Abe Krash assisted Abe Fortas in representing Clarence Earl Gideon before the Supreme Court in 1963. He is a partner in the firm of Arnold & Porter in Washington, D.C. and serves as Distinguished Visitor From Practice at the Georgetown University Law Center. He is a member of the District of Columbia Bar. This article is based on a talk he delivered at the Washington College of Law of American University. Those remarks have been revised and expanded.
The principal architects of the Supreme Court's landmark decision in Gideon v.Wainwright1 were Abe Fortas, a brilliant advocate, and Hugo Black, a great jurist. Fortas, who was then a lawyer in private practice in Washington, D.C., was appointed by the Supreme Court to represent Clarence Earl Gideon in connection with his appeal. He wrote the brief and presented the oral argument on Gideon's behalf. Justice Black was the author of the Court's opinion upholding the constitutional right to counsel of indigent persons in all state court felony prosecutions. Fortas and Black were each remarkable men, and the decision bears the imprimatur of both.
For those two, this case was a high water mark. In his memoirs, Justice Douglas wrote that Fortas' oral presentation in Gideon was "probably the best single legal argument" Douglas heard in his 36 years on the Court.2
A recent biographer of Justice Black, describing the scene at the Supreme Court on March 18, 1963, when Black delivered his opinion in Gideon, states: "It was indeed a moment of supreme satisfaction [for Black], one of the highlights of Black's  years on the Court."3
On the 35th anniversary of the Gideon decision, it seems to me appropriate to remember Abe Fortas and Hugo Black and to recall their respective contributions to this significant case.
Measured by any standard, the man appointed by the Supreme Court to represent Gideon was one of the best lawyers of his time. Fortas was a superlative legal craftsman -- an artist in the law. Following his graduation in 1932 from Yale Law School, where he was a student of legendary excellence, and a short tenure as a Yale professor, Fortas came to Washington to work in the government. It was the beginning of the New Deal. For thirteen years, from 1933 to 1946, Fortas was a government lawyer. He worked with Jerome Frank in the Agricultural Adjustment Administration; with William O. Douglas at the Securities and Exchange Commission; and with Harold Ickes at the Department of Interior.

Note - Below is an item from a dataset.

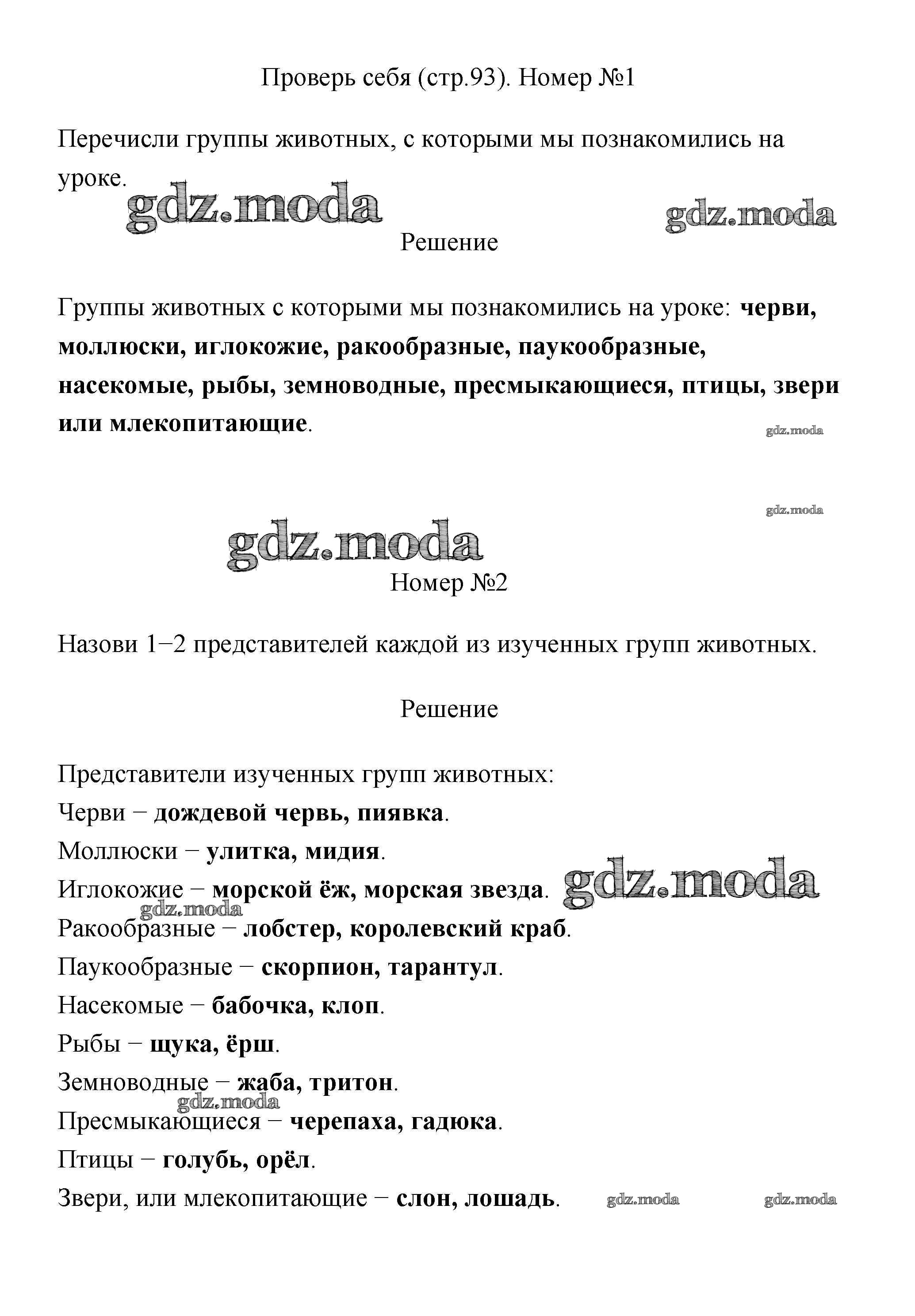 ГДЗ решение к заданию № 93 Окружающий мир 3 класс Плешаков (Школы России) Просвещение 2017 Часть 1, Часть 2 ФГОС бесплатно на гдз.мода!
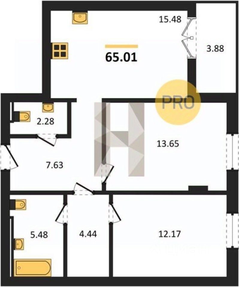 Общая площадь65,01 м2

At age 32, Fortas was appointed Under Secretary of Interior. He became justly renowned during the Roosevelt era as one of the outstanding lawyers in the government.4
Following the end of World War II, Fortas formed a private law firm in Washington, with Thurman Arnold and Paul Porter. In private practice, Fortas advised clients with antitrust and securities problems and in matters involving various federal administrative agencies and Congress. He also functioned as counsel in corporate transactions and commercial litigation.
Fortas appeared in courtrooms throughout the country in pre-trial proceedings and as an appellate advocate. However, he was not a specialist in the criminal law. His office practice rarely involved criminal matters. Although he was not a trial lawyer in criminal cases, Fortas was deeply interested in criminal law issues. As a lawyer and subsequently as a judge, he played a major role in three of the most significant criminal law decisions of the past half century.

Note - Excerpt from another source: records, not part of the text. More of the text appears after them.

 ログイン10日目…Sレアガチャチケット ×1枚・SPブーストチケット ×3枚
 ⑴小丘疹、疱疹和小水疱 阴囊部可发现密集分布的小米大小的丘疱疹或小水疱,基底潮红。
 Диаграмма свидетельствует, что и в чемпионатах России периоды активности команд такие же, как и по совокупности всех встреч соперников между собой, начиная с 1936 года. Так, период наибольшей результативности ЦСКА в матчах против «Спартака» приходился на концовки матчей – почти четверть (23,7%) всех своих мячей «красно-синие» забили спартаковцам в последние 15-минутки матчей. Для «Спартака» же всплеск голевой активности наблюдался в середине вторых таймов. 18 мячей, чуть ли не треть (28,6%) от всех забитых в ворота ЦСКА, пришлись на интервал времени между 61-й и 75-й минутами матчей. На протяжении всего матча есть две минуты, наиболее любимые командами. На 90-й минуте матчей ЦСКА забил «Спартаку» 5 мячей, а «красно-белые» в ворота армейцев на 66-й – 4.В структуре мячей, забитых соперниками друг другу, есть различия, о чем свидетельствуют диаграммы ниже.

In 1953, he was appointed by the United States Court of Appeals for the District of Columbia Circuit to represent the appellant in the Durham case.5 He urged the Court of Appeals in that case to reform the insanity defense in criminal cases. As of the 1950s, the standard of responsibility applied by most American courts where the accused invoked the defense of insanity was whether the defendant knew the difference between right and wrong at the time of the offense (the M'Naghten rule).6 The test had been formulated by the House of Lords in 1843. It was an obsolete test that antedated the transformation in psychiatry inspired by Freud and others.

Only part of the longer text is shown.